• _What is expected_: Return exactly the run of lines that begins at the line containing "然后根据功能需求来对本系统的" and ends at the last line of the material below; pictures stay out.

• _Exercise data_:
☆ ☆ ☆ ☆

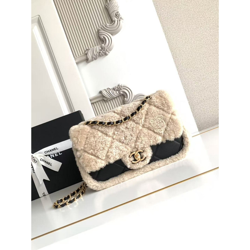 Chanel Teddy Bear Flap Bag Small Fur And Leather In Beige And Black
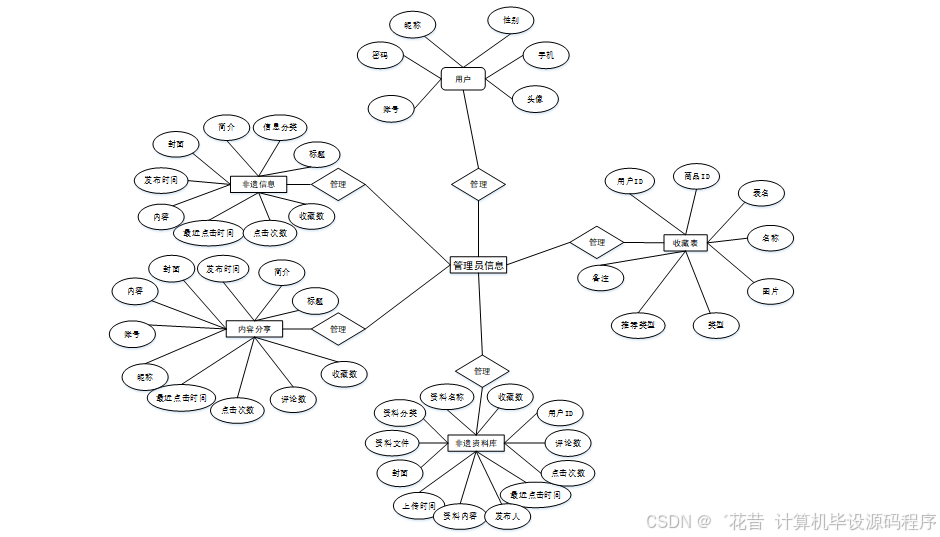 然后根据功能需求来对本系统的e-r图实现分解来得到几种实体—关系模型,以下将对“用户、收藏表、非遗资料库、非遗信息、内容分享”等作为实体,它们的局部E-R如图4-2所示:
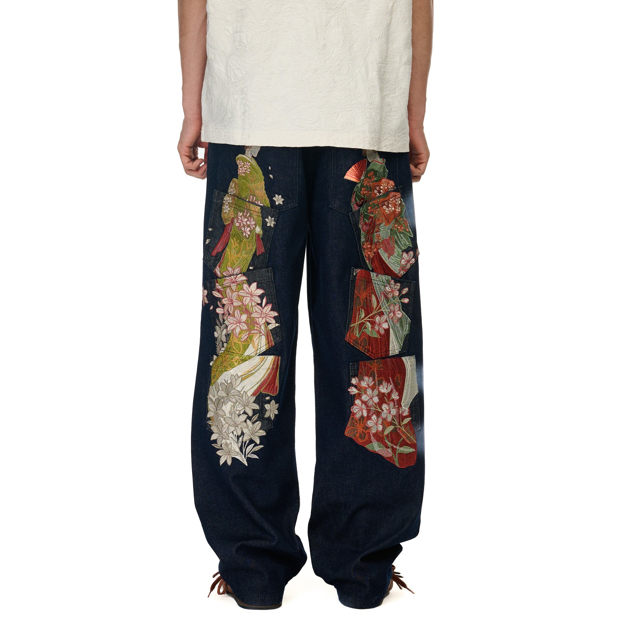 14,5oz denim / 100% cotton / different fabric on belt and front pockets / pocket details on back / embroidery on back / wash inside out / balloon fit / fits true to size

☆ ☆ ☆ ☆

• _Response box_:
 然后根据功能需求来对本系统的e-r图实现分解来得到几种实体—关系模型,以下将对“用户、收藏表、非遗资料库、非遗信息、内容分享”等作为实体,它们的局部E-R如图4-2所示:
 14,5oz denim / 100% cotton / different fabric on belt and front pockets / pocket details on back / embroidery on back / wash inside out / balloon fit / fits true to size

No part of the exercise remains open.